Suppression of background information about our leaders is what has skewed our understanding of the country’s history because only the positive side of their backgrounds is brought out. We need to learn to trace our leaders as far back as the records and live accounts can permit. As such, there is no need to scare the Post into silence!

2 comments:

Anonymous said...

Well articulted-exactly my take!

Anonymous said...

In regards to the Post article, the minister was not annoyed because it said Mr. Lungu drinks, but because it indicated that Mr.
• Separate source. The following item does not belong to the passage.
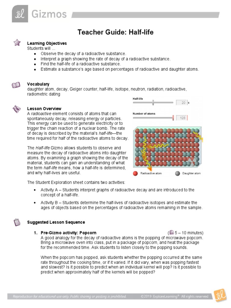 Student Exploration Half Life Pdf Free Download from docplayer.net Look at the color key on the bottom right of the gizmo. Data can be interpreted visually using a dynamic graph, a bar chart, and a table. Holt 6 free pdf ebook download: Investigate the decay of a radioactive substance. People that were infected move throughout everyone that was in the area 2. Describe what happened on the simulation pane: Get all of hollywood.com's best movies lists, news, and more. Data can be interpreted visually using a dynamic graph, a bar chart, and a table.
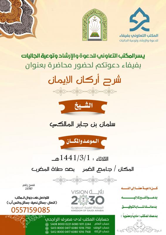 يعلن المكتب التعاوني للدعوة والإرشاد وتوعية الجاليات بمحافظة فيفاء عن إقامة محاضرة للشيخ / سلمان بن جابر المالكي بعنوان شرح أركان الإيمان وذلك بجامع الغمر بعد صلاة المغرب يوم الثلاثاء الموافق 1/3/1441هـ

Lungu's ailment was as a result of alcohol; in my view this information you have omitted could have assisted a reader in assessing whether there were grounds for the Minster to express concern with the article in the Post Newspaper; from your example of the UK and the drinking Prime Minister, if the British Prime Minister fails sick, would it be ethical to write in a British Newspaper that the Prime Minister ailment is caused by beer drinking when his doctors have stated otherwise, of course the handlers of the British Prime Minster would wish to put the record straight just as the Minister of Information in Zambia had done; what would be bad for media freedom would be to close the newspaper for such an issue; unethical reporting needs to be challenged whether that in Africa or elsewhere.